The bank advertised car loans and home equity loans, reserves on checking accounts that would advance when the account was overdrawn, or unsecured lines of credit. Over the course of a week it wasn’t uncommon to look at 80-120 applications. These required information on employment history, wages and asset and liabilities statements. So as you can imagine, one starts to get a sense of the earning potential from a variety of employments. And where people spent their money.
Having been raised in a private school type of environment, I was unfamiliar with the whole segment of society that fell outside the professional class. Socially I was only familiar with families whose parents earned a living as a result of a higher level of education. And, of course, was steered to going to college to attain a similar standing. Imagine my surprise when I took an application from the service manager at a midsized car dealership in town. He earned twice what the average attorney made.
Granted this was during an era when there were an abundance of attorneys achieving their Juris Doctor. But still. A service manger, or any one wielding a wrench under a vehicle was not suppose to rise even to the lower edge of the white color professional crowd. This was the first crack in the veneer encasing an implied class and resource structure.

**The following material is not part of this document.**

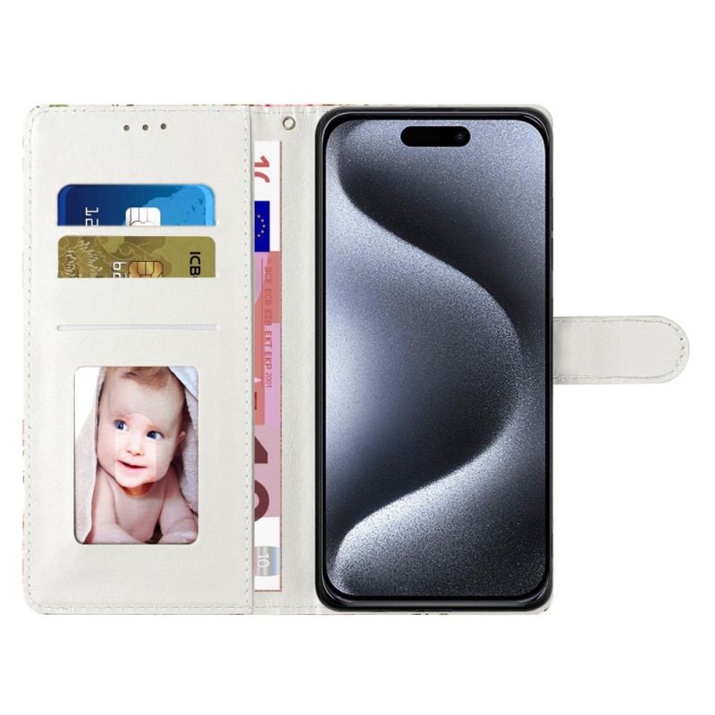 Läderfodral iPhone 16 Pro Max Telefonfodral Röda Blommor Med Rem

Come to find out there were whole neighborhoods of folks who worked in the trades at all sorts of income levels. They didn’t drive jaguars, they drove trucks with carried similar price tags. Their hunting dogs needed kennels so they lived in cities that were not only pet friendly, but didn’t mind a fifth wheel parked on the concrete pad along side the oversized double garage which was sheet rocked, heated and had a TV sitting area.
I had no idea of the social depth or financial variation of such folk. They weren’t simply a group, a class. They were a whole ecosystem with pecking orders and special interest subtleties.